If any of the strain energy units is greater than E_yield, the points of the model will be updated into new positions with all the rest lengths changed (Equation 25). If else, after the deformation happened, the model restores to its original shape. For soft materials, such as ropes, the permanent deformation requires much less energy than iron. The E_yield will be very small, which is equivalent to easy to distort.

Since the strain energy unit's value only depends on the edge length, E_yield can be interpreted as the maximum deformation that is allowed for elastic behavior. The maximum strain for elastic behavior can be acquired from the stress-strain curve of different materials. According to the stress-strain curves from Chen and Young (2006) and Shahinian et al. (2016), the maximum strain for steel and nylon is both around 5%. The iron wires and ropes used for later experiments are made of these two materials. Knowing the material property, we can compute the value of E_yield while tracking a DLO target.
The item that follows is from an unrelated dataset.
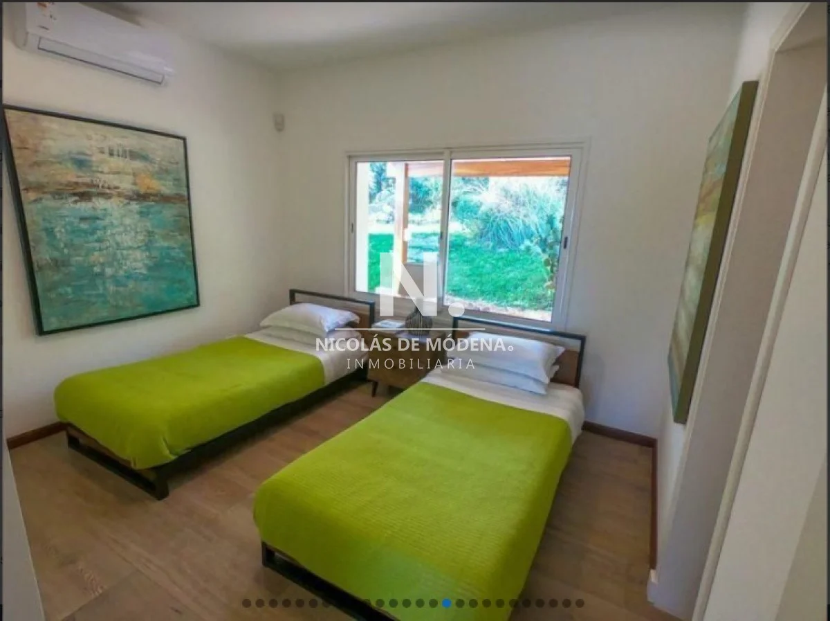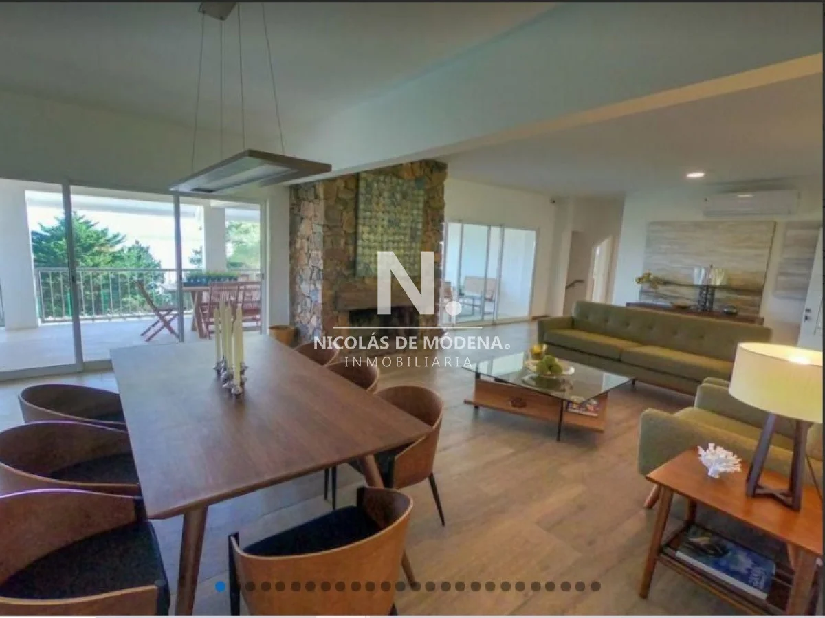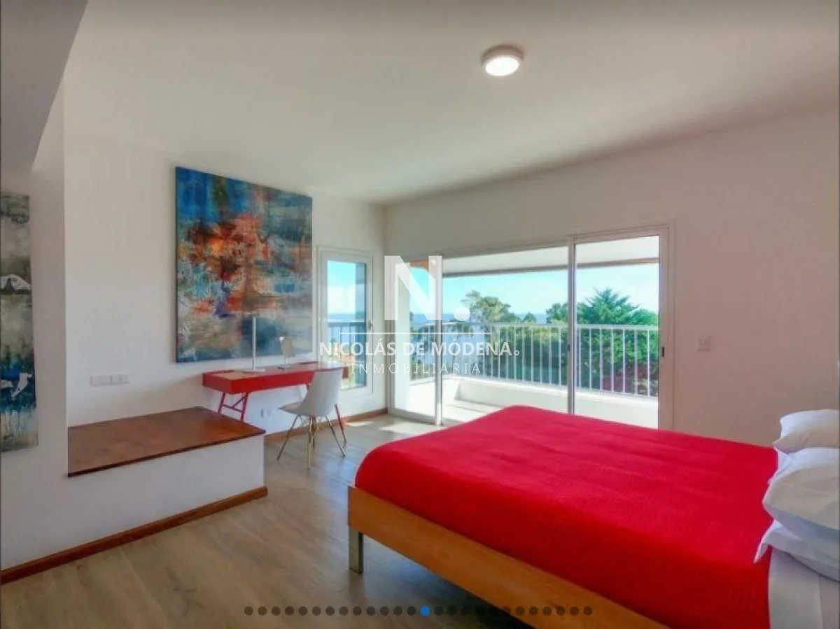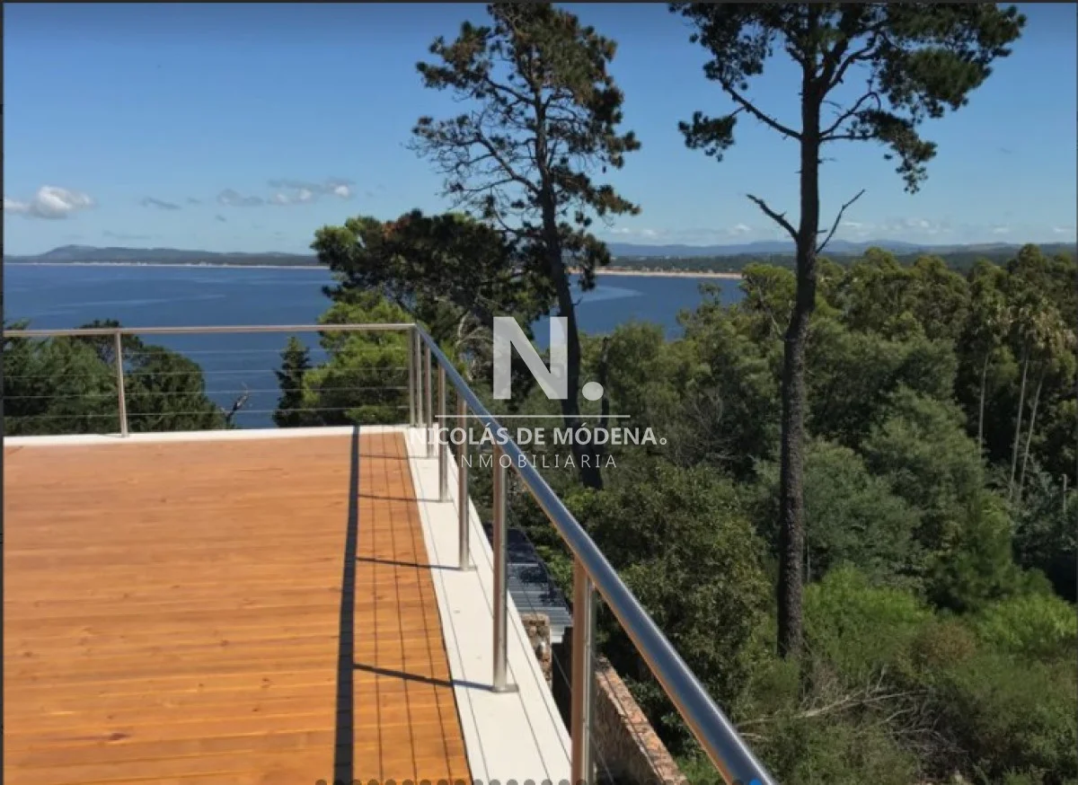 Casa en la mejor ubicación, con hermosa vista a la puesta de sol, con 1.079 mts2 de parque. Cuenta con 4 dormitorios, 2 de ellos en suite, 3 baños y toilette. Living comedor con estufa a leña, gran terraza con barbacoa con espectacular vista al mar. Cómodo estar con bar. Aire acondicionado en todos los ambientes.

4.5. GMM and Mass-Spring-Damper Model Fusion

With the aforementioned registration framework and mass-spring-damper model, we can compute the point cloud registration result and model-based motion prediction separately. The next step is to fuse these two algorithms.

We introduce a Gaussian force field to solve the fusion problem, which is generated from the GMM registration results. The force field is also a multi-Gaussian distribution and serves as a force constrains to control the mass-spring-damper model deformation. Then, the backward Euler time-integration (Equation 23) is applied to predict the model's deformation with a given force field. As is shown in Figure 3, we use the 2D dimension case as an example. The model has been simplified to the connected nodes. We directly adopt the Gaussian centroid p^CPD and σ² to generate the Gaussian force field. The force field can be described as follows:

\begin{array}{l} p_{f o r c e f i e l d} = A (\frac{1}{{(2 π σ^{2})}^{D / 2}} - \sum_{n = 1}^{N} \frac{1}{N} N (x_{n}^{t}, σ^{2} I)), & (26) \end{array}

where the A is the amplitude of the force constrain.

FIGURE 3

Figure 3. This is a Gaussian force field example of D=2 with a simplified physical model and two nodes occluded. The red circles represent the nodes of the physical model. The motion of the physical model is constrained by the force field described by the mesh.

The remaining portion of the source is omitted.